Segment Open

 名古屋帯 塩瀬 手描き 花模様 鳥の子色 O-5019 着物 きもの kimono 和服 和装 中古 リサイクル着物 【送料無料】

Segment Closed
Segment Open

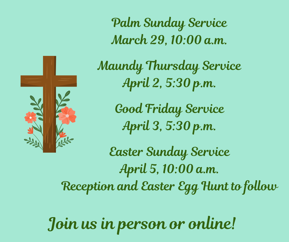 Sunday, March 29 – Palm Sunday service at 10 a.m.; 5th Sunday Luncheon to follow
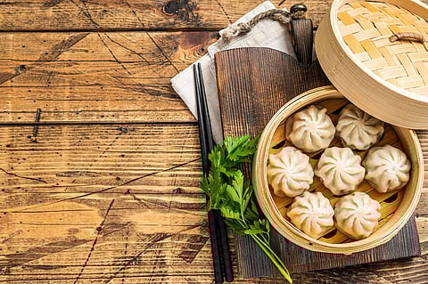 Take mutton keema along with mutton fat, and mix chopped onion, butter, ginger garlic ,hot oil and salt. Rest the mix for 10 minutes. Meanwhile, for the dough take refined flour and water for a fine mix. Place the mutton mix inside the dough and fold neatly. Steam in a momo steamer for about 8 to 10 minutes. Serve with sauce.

Segment Closed

Within the listing above, the stretch from the line with "Sunday, March 29" down to the line with "Take mutton keema" is to be given again exactly, end lines included and pictures excluded.

 Sunday, March 29 – Palm Sunday service at 10 a.m.; 5th Sunday Luncheon to follow
 Take mutton keema along with mutton fat, and mix chopped onion, butter, ginger garlic ,hot oil and salt. Rest the mix for 10 minutes. Meanwhile, for the dough take refined flour and water for a fine mix. Place the mutton mix inside the dough and fold neatly. Steam in a momo steamer for about 8 to 10 minutes. Serve with sauce.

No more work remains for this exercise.